**What the task asks**
Please, without any pictures, transcribe the lines from the one holding "五月十日,丹麦法轮功学员和部" to the end of the listing, both ends included.

**Data section**
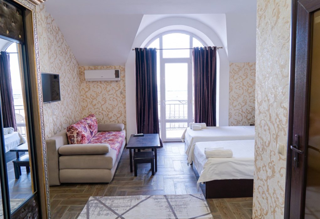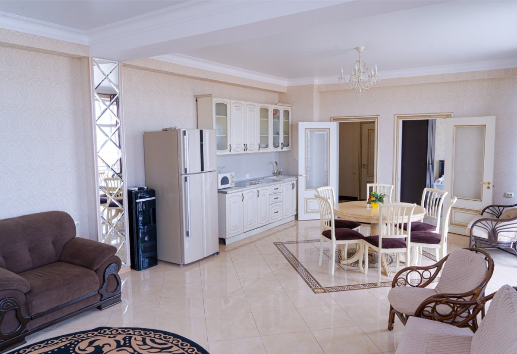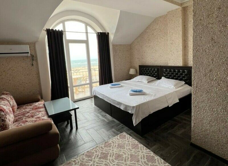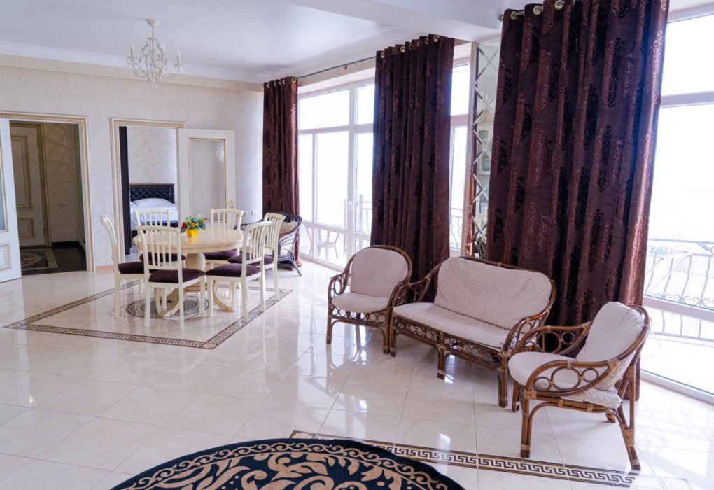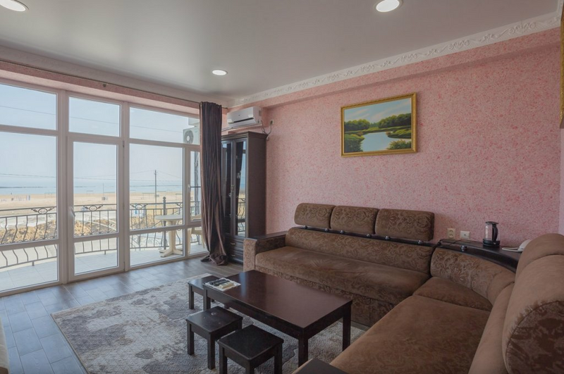 «Океан» расположен на берегу Каспийского моря, а песчаный пляж полностью обустроен для комфортного отдыха, с раздевалками, навесами и лежаками.
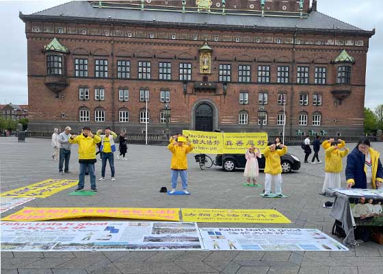 五月十日,丹麦法轮功学员和部分瑞典法轮功学员于丹麦哥本哈根市政厅广场举行活动,庆祝五月十三日法轮大法弘传世界三十三周年。
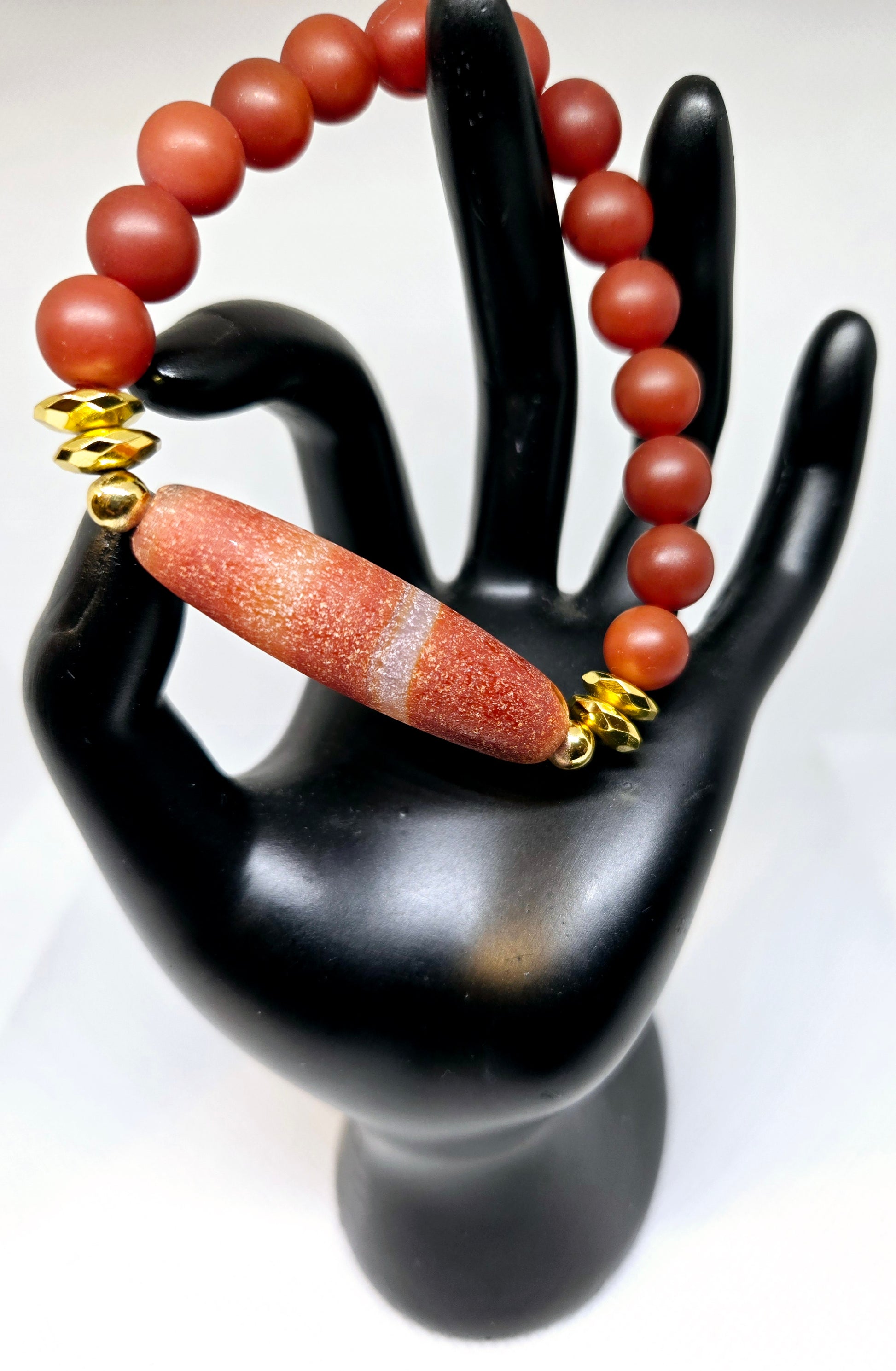 Burgandy matte jade beads and a burgundy matte agate focal with gold hematite accents

**Problem solution**
 五月十日,丹麦法轮功学员和部分瑞典法轮功学员于丹麦哥本哈根市政厅广场举行活动,庆祝五月十三日法轮大法弘传世界三十三周年。
 Burgandy matte jade beads and a burgundy matte agate focal with gold hematite accents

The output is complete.